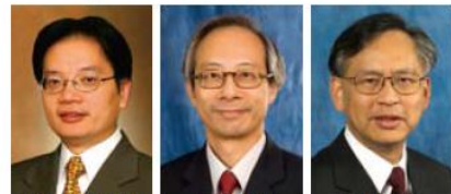
香港醫院管理局 聯網服務總監 張偉麟醫生 太平紳士 香港腎科 學會主席 梁誌邦醫生 香港腎臟 基金會主席 雷兆輝醫生

慢性腎臟疾病如果及早發現是可以治療的，從而減少其他併發症，以及減少死亡及由慢性腎病和心血管疾病引致的殘疾帶來全球性的負擔。值得注意，目前末期腎衰竭病人是可以得到腎臟代替治療。多年來，醫院管理局一直發展腎科服務並提供多種洗腎計劃，包括最新的家居自助血液透析、家居自動腹膜透析及與洗腎機構合作的社區血液透析計劃，透過更多的服務讓末期腎衰竭病人得到更好的治療及更好的復康生活。
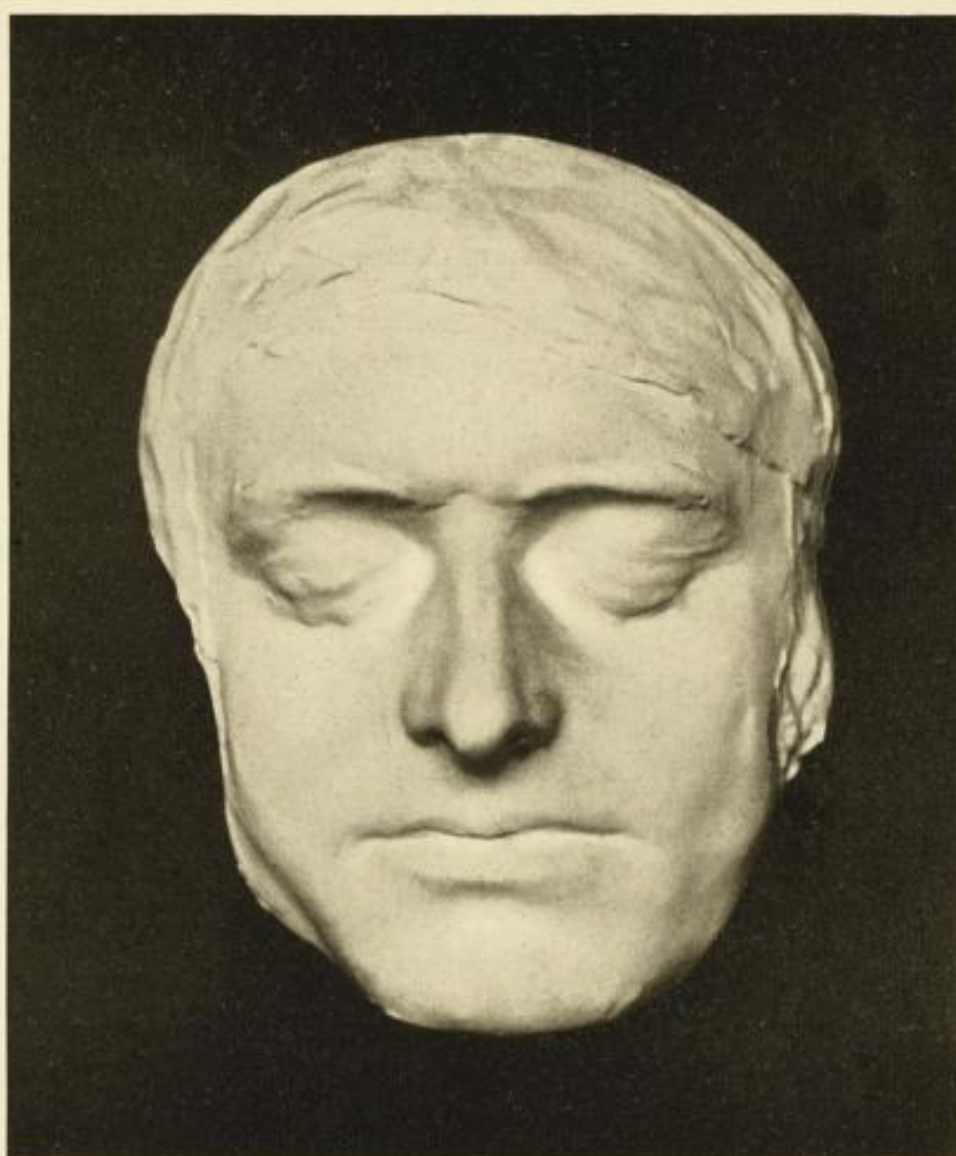
Heinrich von Kleist
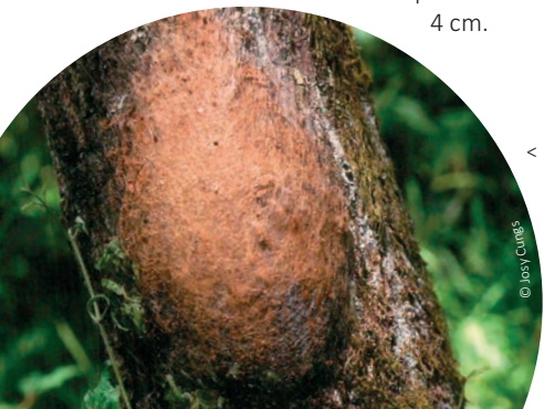
< Gespinst des Eichenprozessionsspinners

Zahl und Länge der Brennhaare nehmen mit jeder Häutung zu. Bis zum Ende des sechsten Larvenstadiums erreichen die Raupen eine Körperlänge von bis zu 4 cm.
========================================================================
_Task brief_
The answer should consist only of the lines from the one with "Heinrich von Kleist" through the last line of the material above, copied exactly, with no pictures.

_Answer to this problem_
Heinrich von Kleist
< Gespinst des Eichenprozessionsspinners

Zahl und Länge der Brennhaare nehmen mit jeder Häutung zu. Bis zum Ende des sechsten Larvenstadiums erreichen die Raupen eine Körperlänge von bis zu 4 cm.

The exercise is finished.